Syukuran dan selamatan selanjutnya diselenggarakan ketika anak-anak mereka telah berhasil menyelesaikan belajar mengaji Al-Qur'an-nya hingga 30 Juz. Teknis pelaksanaan syukuran dan selamatannya pun sama seperti pada saat berhasil menyelesaikan Iqra` Jilid 6.
Puncaknya adalah diselenggarakan upacara besar sebagai tanda syukur orang tua karena anaknya telah khatam belajar mengaji Al-Qur'an 30 Juz. Mereka dirias dan berbusana elok, kemudian diarak keliling kampung bak "Sang Raja" dan diiringi tabuhan dari grup kompang.
Kompang adalah sejenis alat musik tradisional yang populer bagi masyarakat Melayu. Kompang ini tergolong ke dalam kelompok alat musik gendang.
Setelah selesai diarak, "Sang Raja" diminta untuk duduk di atas panggung yang telah disiapkan. Baru kemudian rangkaian acara khataman Al-Qur'an pun dimulai. Acara intinya adalah "Sang Raja" menampilkan kepada khalayak ramai kemampuan membaca Al-Qur'an-nya.Â
Tidak semua surat dalam Al-Qur'an itu dibaca, hanya beberapa surat saja yang terdapat dalam Juz 30. Biasanya, surat-surat yang dibaca oleh "Sang Raja" diacara khataman Al-Qur'an tersebut adalah QS. Adh-Dhuha (93) hingga QS. An-Nas (114). Setelah "Sang Raja" selesai membaca surat-surat itu, acara khataman Al-Qur'an diakhiri dengan penyampaian beberapa nasihat dari gurunya dan ditutup dengan pembacaan doa.
Begitu doa selesai dibaca, para hadirin diminta untuk menikmati juadah yang telah disediakan.
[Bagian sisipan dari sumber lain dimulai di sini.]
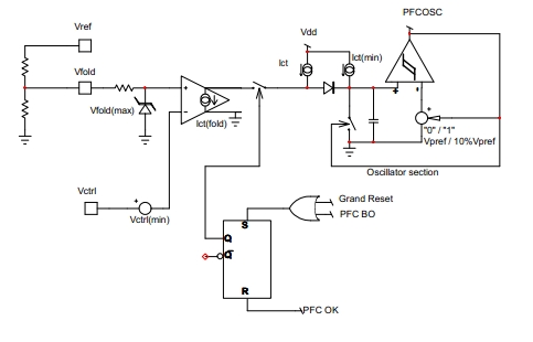 在下列情況時(shí),VLBO可下拉至2V(VLBO(PD)):VLBO高于2V(高線路電壓時(shí)),以及VCTRL處于最大值的時(shí)間長(zhǎng)于4ms(tPFCflag);Vbulk低于額定輸出的95%時(shí)。PFCPowerBoost功能在啟動(dòng)時(shí)被禁止;最長(zhǎng)下拉持續(xù)時(shí)間的典型值為5ms(tLBO(PDlimit));在后續(xù)最少70ms時(shí)間(tLBO(PDblank))內(nèi),開(kāi)關(guān)保持在開(kāi)路狀態(tài)。
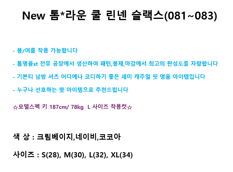 New 톰*라운 쿨 린넨 슬랙스(081~083)
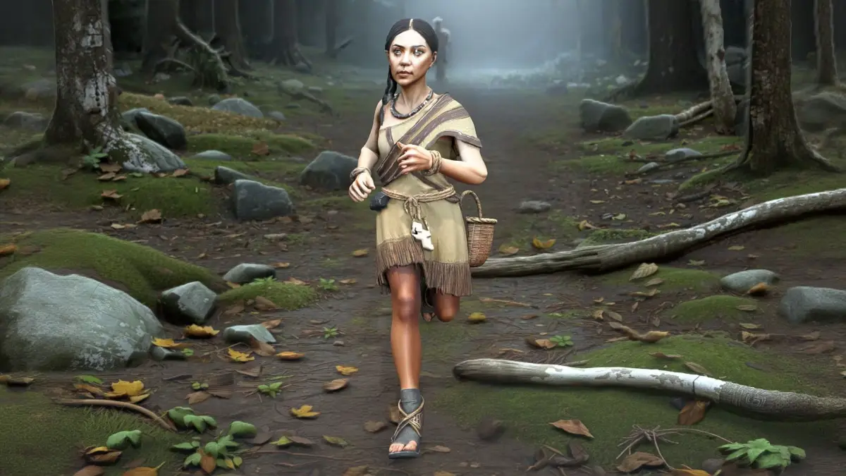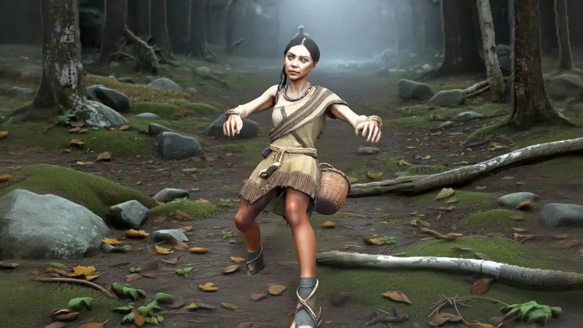 semi-realistic game character, realistic textures, high detail: a wiry prehistoric gatherer woman with sturdy legs and a compact silhouette, weathered olive skin with sun freckles, calm sharp eyes, and a single braided hairstyle wrapped around the head; wearing layered plant-fiber shawl over a patched hide vest, cord belt, simple bead necklace, wrapped calves, and worn moccasins with mud stains; a woven foraging basket strapped to her back and a smaller plaited satchel clipped to the belt, plus a bone needle case attached to the strap. In a forest-edge clearing with damp leaf litter, mossy rocks, and fallen birch branches under cool misty morning light; “Full-body, centered, fully visible in frame; standing upright in a T-pose with arms extended straight out to the sides; palms facing the camera (open palms); hands empty; match the provided OpenPose reference; PBR-friendly materials.”.
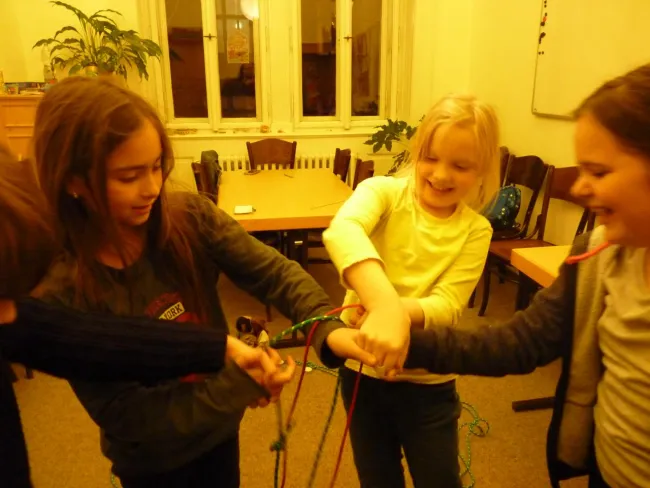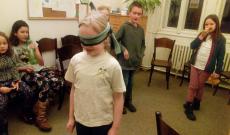 A bizalom fontosságát Sámson és Delila viszonyában szintén egy gyakorlattal mélyítettük el. A gyerekek párokat alkottak, majd az egyiknek bekötöttük a szemét, és meg kellett találnia egy bizonyos, számára ismeretlen helyen elrejtett tárgyat úgy, hogy a társa szóban (és CSAK szóban, fizikai kontaktus nélkül!) irányította, segítve kikerülni az elé helyezett akadályokat. Majd ugyanezt helyzetcserével is megcsináltuk: aki az első körben irányított, az vált irányítottá – és mindezt azért, hogy megtapasztalják, milyen helyzetben volt az imént a másik. Ezzel tudatosítva az első körből szerzett tanulságokat, hogy figyeljenek oda az esetlegesen elkövetett hibák elkerülésére, vigyázzanak a társukra, hisz ebben a helyzetben ő a felelős érte. Illetve várjon a látó fél irányítására, bízzon abban, hogy igenis jó helyre vezeti őt és vigyáz rá.

Itulah potret keseruan dan keasyikan saya dan teman-teman di kampung dalam belajar mengaji Al-Qur'an di waktu kecil. Kadang-kadang, pada usia sekarang ini, saya merenung dan bertanya kepada diri sendiri, mengapa kini keasyikan saat berinteraksi dengan Al-Qur'an itu kian memudar? Ke mana perginya keseruan dan keasyikan itu? Asyik bersama Al-Qur'an semestinya kita upayakan sampai ke ujung nyawa. Semoga.